(Data items)
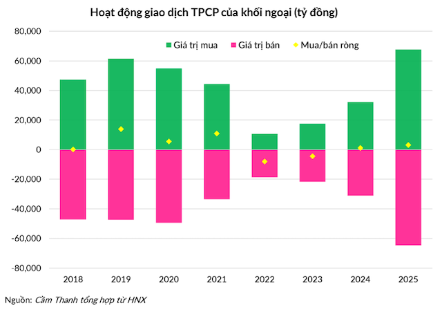 Cụ thể với cổ phiếu ở cả HOSE, HNX và UPCoM, khối ngoại mua vào gần 715 ngàn tỷ và bán ra gần 836 ngàn tỷ, tức bán ròng 121 ngàn tỷ đồng trong năm 2025.
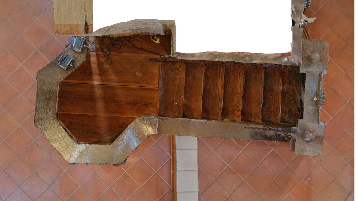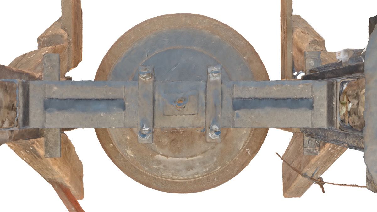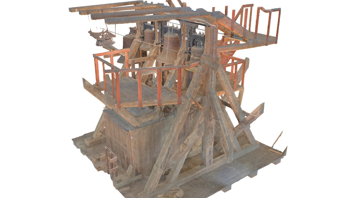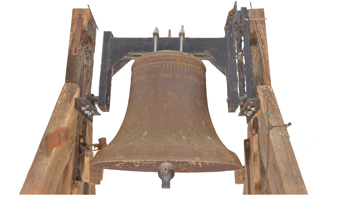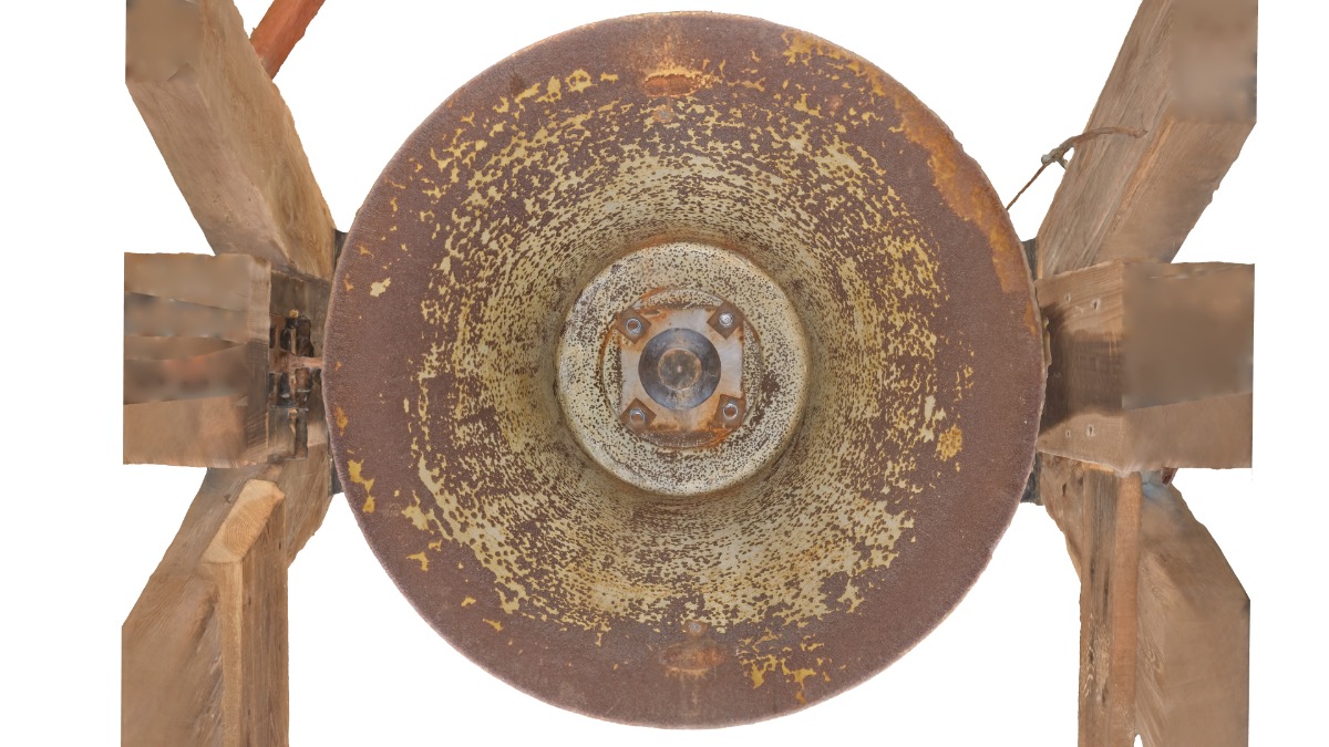 Zawieszony jest na specjalnej konstrukcji wsporczej z masywnych drewnianych belek stabilizowanych zastrzałami. Dzwon pozbawiony korony z kabłąkami został spięty śrubami do stalowego zawiesia.
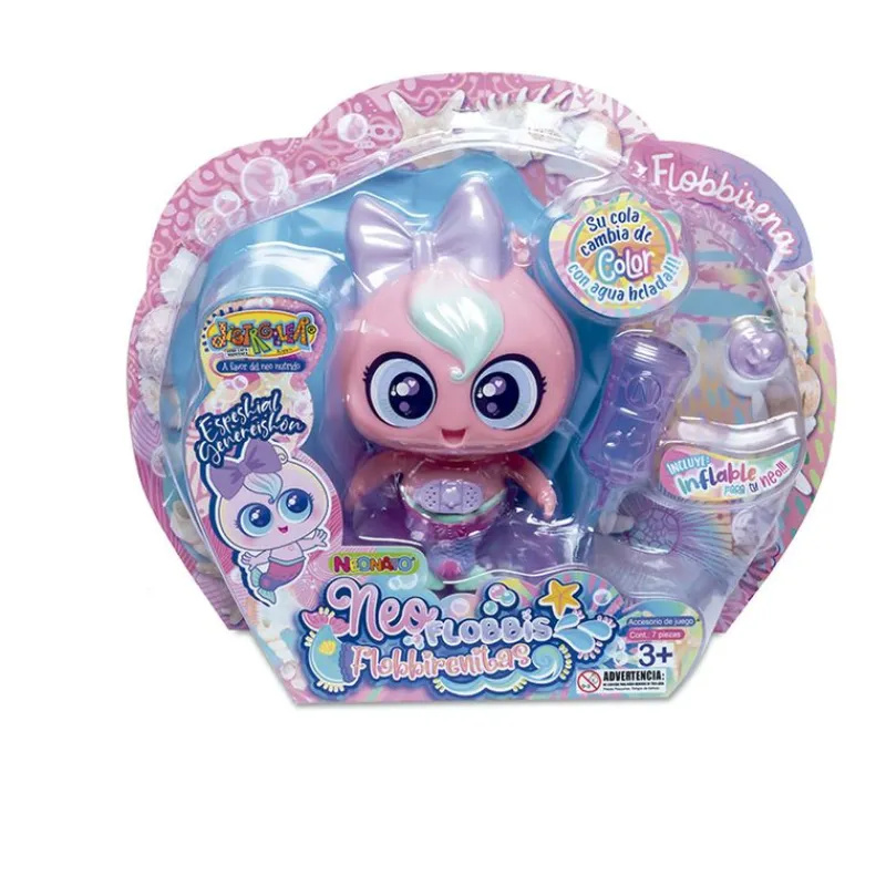 Flobbisirena es una muñeca de la colección Ksimeritos a la cual le gusta tanto nadar y el agua, que se ha transformado en sirena !! su cola cambia de color al contacto con el agua fría y esta deseando se adoptada por ti!! para difrutar del agua contigo, incluye un infable para tu Neo . Recomendado a partir de 3 años
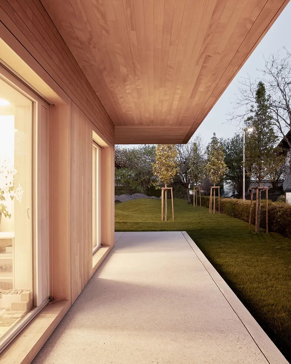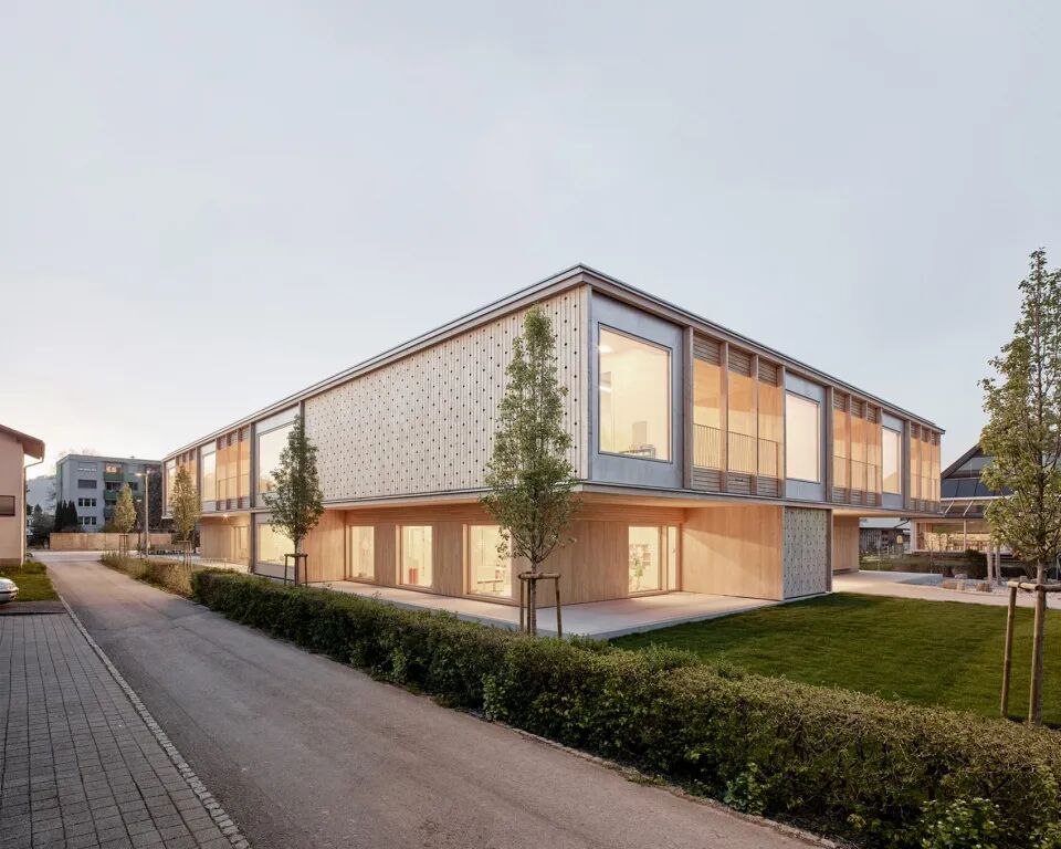 改造扩建后的建筑外观以大面积的开口、温暖的木制窗框与和谐活波的色调,与周围灰色的十层公寓楼形成鲜明的对比。在巧妙的设计下,建筑方正的体量感得到了弱化,为传统的住宅小区增添了一种新鲜的建筑风格。
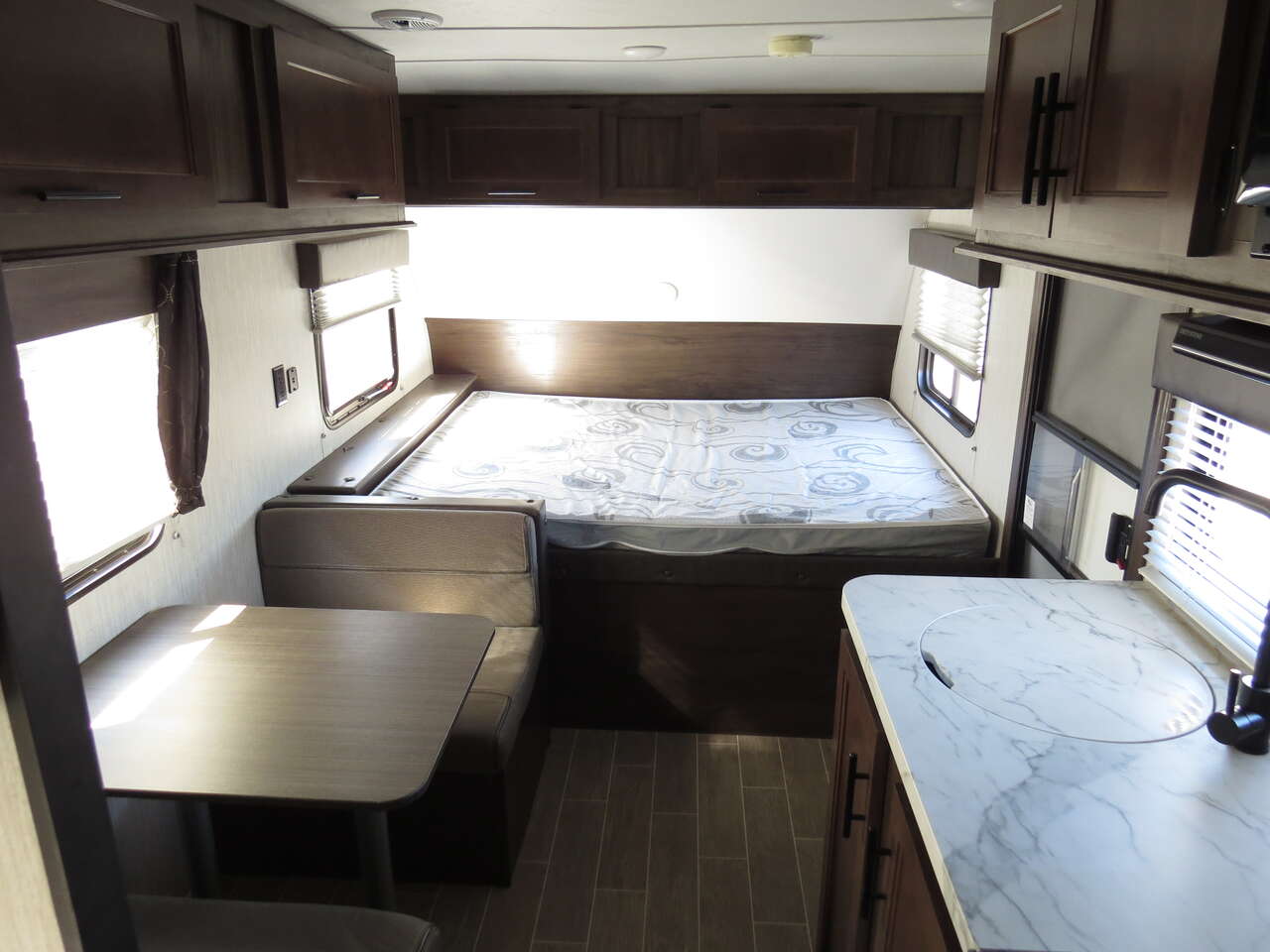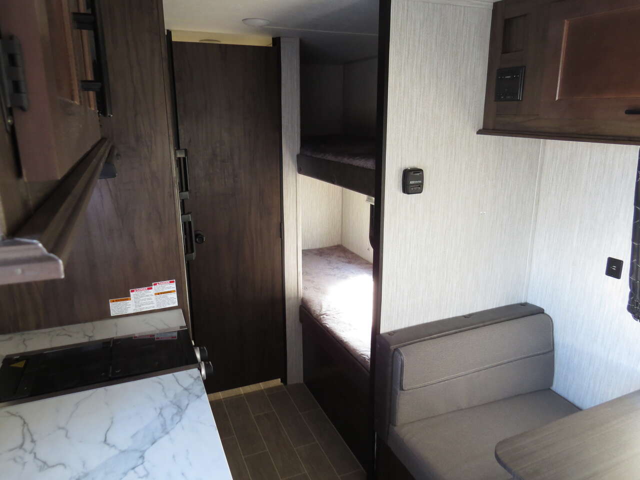 LITE WEIGHT ONLY 3,300 lbs! BUNKS, BIG Fridge, Front bed, Rear Corner Bathroom, Lots of storage , Dinette makes down, Electric patio awning, A/C unit on top of the roof, and Heat.Location: 50 S Frontage Rd, Springville Dealer#832B Quality RV -Financing Available-
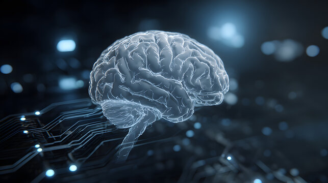 AI Brain Processing Data with Generative Artificial ntelligence Concept Vouch.AI Assistant Brain Processr with LLM Technology, BigData, Machine Learning, Geerative AI for Business Suport, Future
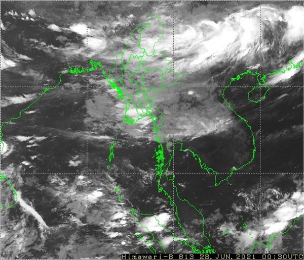 ယနေ့ညနေအထိခန့်မှန်းချက်။ နေပြည်တော်၊ စစ်ကိုင်းတိုင်းဒေသကြီးအောက်ပိုင်းနှင့် မကွေးတိုင်းဒေသကြီးတို့တွင် နေရာကွက်ကျား၊ မန္တလေးတိုင်းဒေသကြီး၊ တနင်္သာရီတိုင်းဒေသကြီး၊ ရှမ်းပြည်နယ်(တောင်ပိုင်းနှင့် အရှေ့ပိုင်း)၊ ရခိုင်ပြည်နယ်နှင့် ကယားပြည်နယ်တို့တွင် နေရာကျဲကျဲ၊ စစ်ကိုင်းတိုင်းဒေသကြီးအထက်ပိုင်း၊ ပဲခူးတိုင်းဒေသကြီး၊ ဧရာဝတီတိုင်းဒေသကြီး၊ ကချင်ပြည်နယ်၊ ရှမ်းပြည်နယ်(မြောက်ပိုင်း)၊ ချင်းပြည်နယ်နှင့် ကရင်ပြည်နယ်တို့တွင် နေရာစိပ်စိပ်နှင့် ကျန်တိုင်းဒေသကြီးနှင့် ပြည်နယ်တို့တွင် နေရာအနှံ့အပြား မိုးထစ်ချုန်းရွာပြီး၊ ကချင်ပြည်နယ်နှင့် မွန်ပြည်နယ်တို့တွင် နေရာကွက်၍ မိုးကြီးနိုင်ပါသည်။ ရွာရန်ရာနှုန်းပြည့် ဖြစ်ပါသည်။
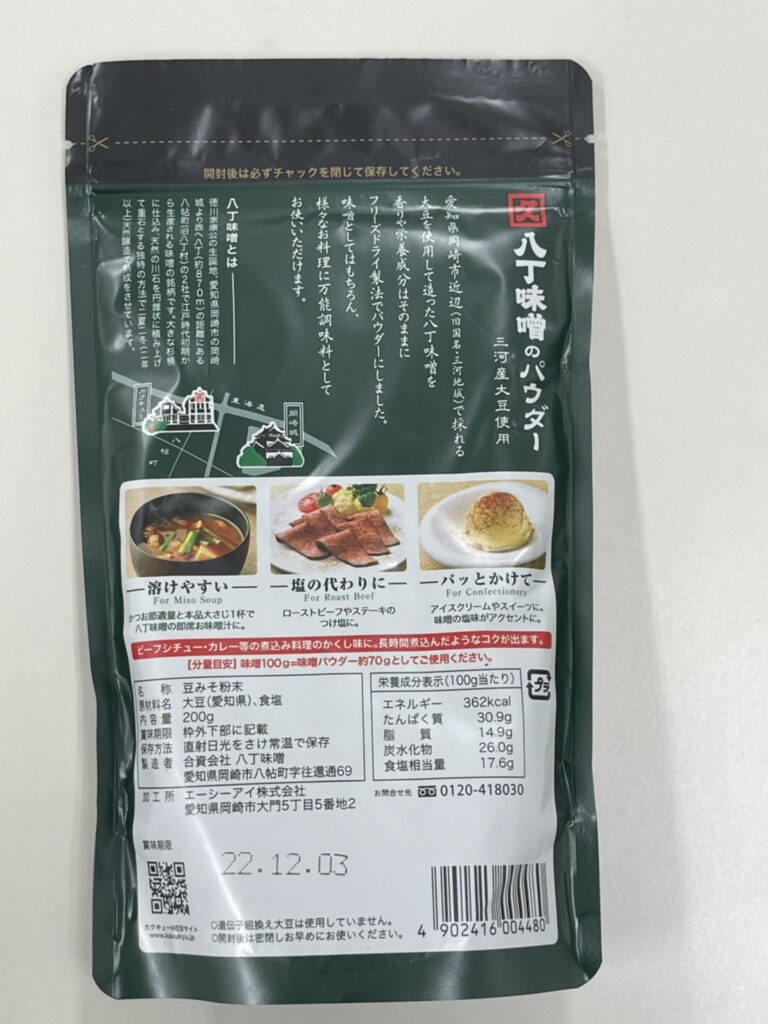 Mikawa soybean Hatcho Miso is powdered as it is so that Hatcho Miso can be easily used at home.
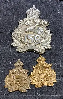 The 159th (1st Algonquins) Battalion, CEF was a unit in the Canadian Expeditionary Force during the First World War. Based in Haileybury, Ontario, the unit began recruiting in late 1915 in the districts of Nipissing and Sudbury. After sailing to England in November 1916, the battalion was absorbed into the 8th Reserve Battalion on January 20, 1917. The 159th (1st Algonquins) Battalion, CEF had one Officer Commanding: Lieut-Col. Ernest Frederick Armstrong.[1]
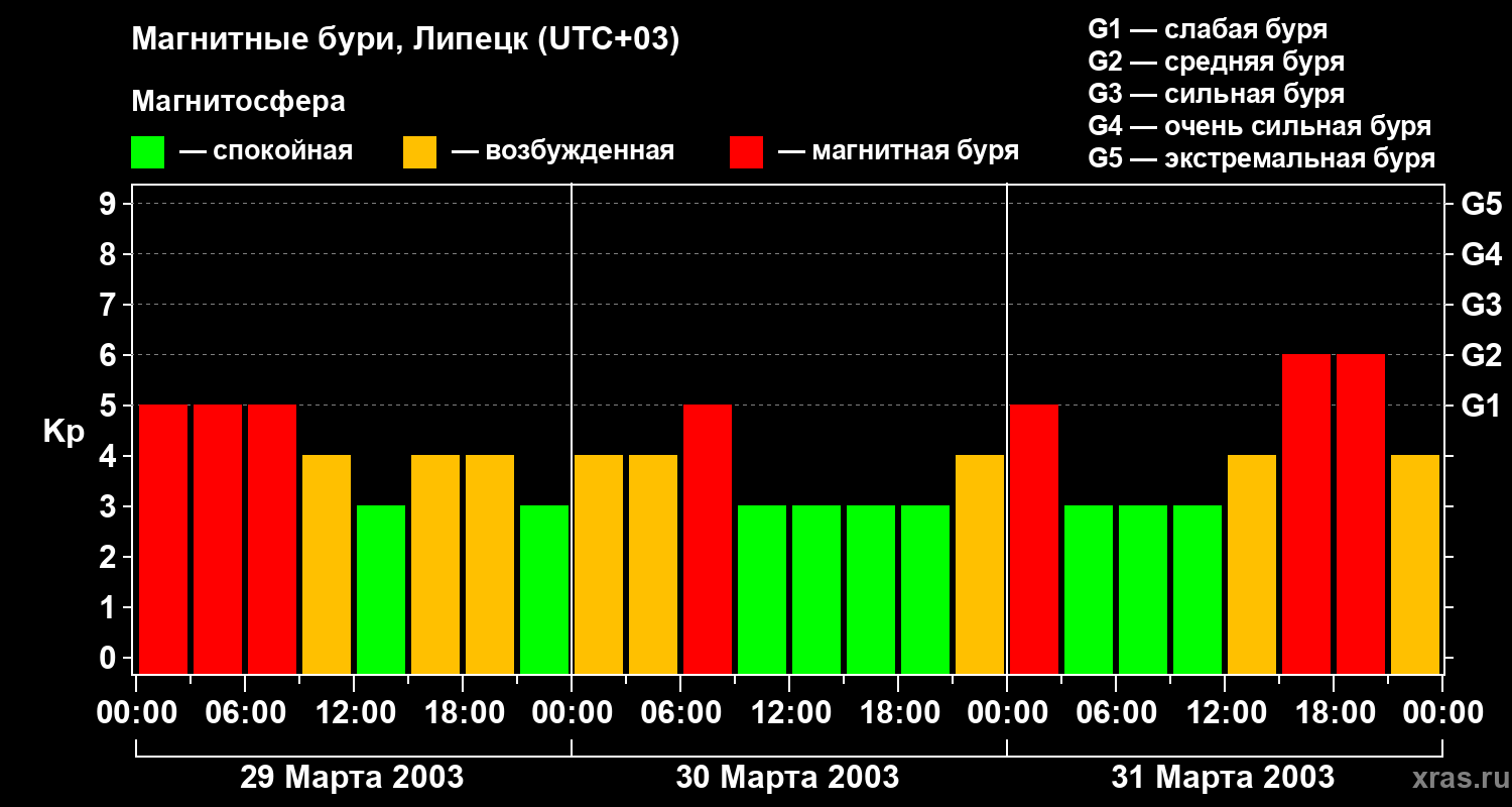 Изменения геомагнитного индекса Kp с 29 по 31 марта 2003 года для средних широт
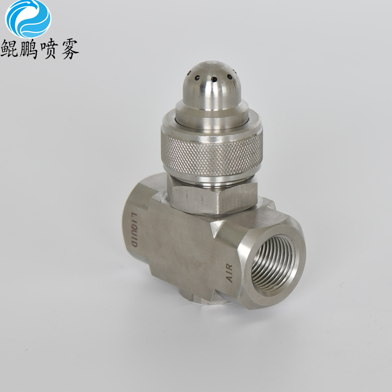 空氣霧化的設(shè)計特點 1:空氣霧化噴嘴特殊的內(nèi)部結(jié)構(gòu)設(shè)計能使液體和氣體均勻混合, 產(chǎn)生微細(xì)液滴尺寸的噴霧或粗液滴噴霧,通常通過增加氣體 壓力或降低液體壓力可得到更加微細(xì)(30微米左右)的液滴 噴霧,從而導(dǎo)致較高的氣體流率比。 可調(diào)形空氣霧化噴嘴能夠
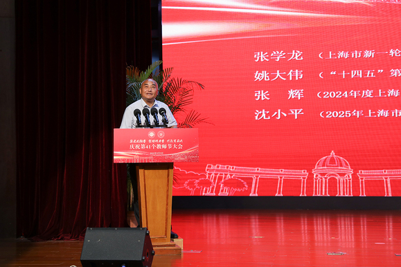 金秋九月颂师恩,同心筑梦启新程。9月9日下午,上海工商外国语职业学院与上海思博职业技术学院在学校大礼堂举行庆祝第41个教师节大会。大会以“集爱的能量、聚榜样力量、燃教育薪火”为主题,通过表彰先进、分享初心、传递使命,进一步营造尊师重教浓厚氛围,强化教师队伍的荣誉感、责任感和使命感,为深化两校融合,深耕职业教育不懈努力。
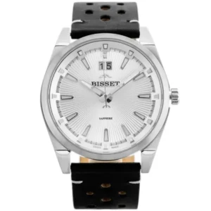 Bisset BSCF40 férfi karóra, zafírüveg, acél tok, fekete bőrszíj, WR50

**WHAT THE TASK REQUIRES**
Set down word for word the lines from the opening of the entries above through the line that contains "AI Brain Processing", and omit every picture.

**ANSWER AREA**
 Cụ thể với cổ phiếu ở cả HOSE, HNX và UPCoM, khối ngoại mua vào gần 715 ngàn tỷ và bán ra gần 836 ngàn tỷ, tức bán ròng 121 ngàn tỷ đồng trong năm 2025.
 Zawieszony jest na specjalnej konstrukcji wsporczej z masywnych drewnianych belek stabilizowanych zastrzałami. Dzwon pozbawiony korony z kabłąkami został spięty śrubami do stalowego zawiesia.
 Flobbisirena es una muñeca de la colección Ksimeritos a la cual le gusta tanto nadar y el agua, que se ha transformado en sirena !! su cola cambia de color al contacto con el agua fría y esta deseando se adoptada por ti!! para difrutar del agua contigo, incluye un infable para tu Neo . Recomendado a partir de 3 años
 改造扩建后的建筑外观以大面积的开口、温暖的木制窗框与和谐活波的色调,与周围灰色的十层公寓楼形成鲜明的对比。在巧妙的设计下,建筑方正的体量感得到了弱化,为传统的住宅小区增添了一种新鲜的建筑风格。
 LITE WEIGHT ONLY 3,300 lbs! BUNKS, BIG Fridge, Front bed, Rear Corner Bathroom, Lots of storage , Dinette makes down, Electric patio awning, A/C unit on top of the roof, and Heat.Location: 50 S Frontage Rd, Springville Dealer#832B Quality RV -Financing Available-
 AI Brain Processing Data with Generative Artificial ntelligence Concept Vouch.AI Assistant Brain Processr with LLM Technology, BigData, Machine Learning, Geerative AI for Business Suport, Future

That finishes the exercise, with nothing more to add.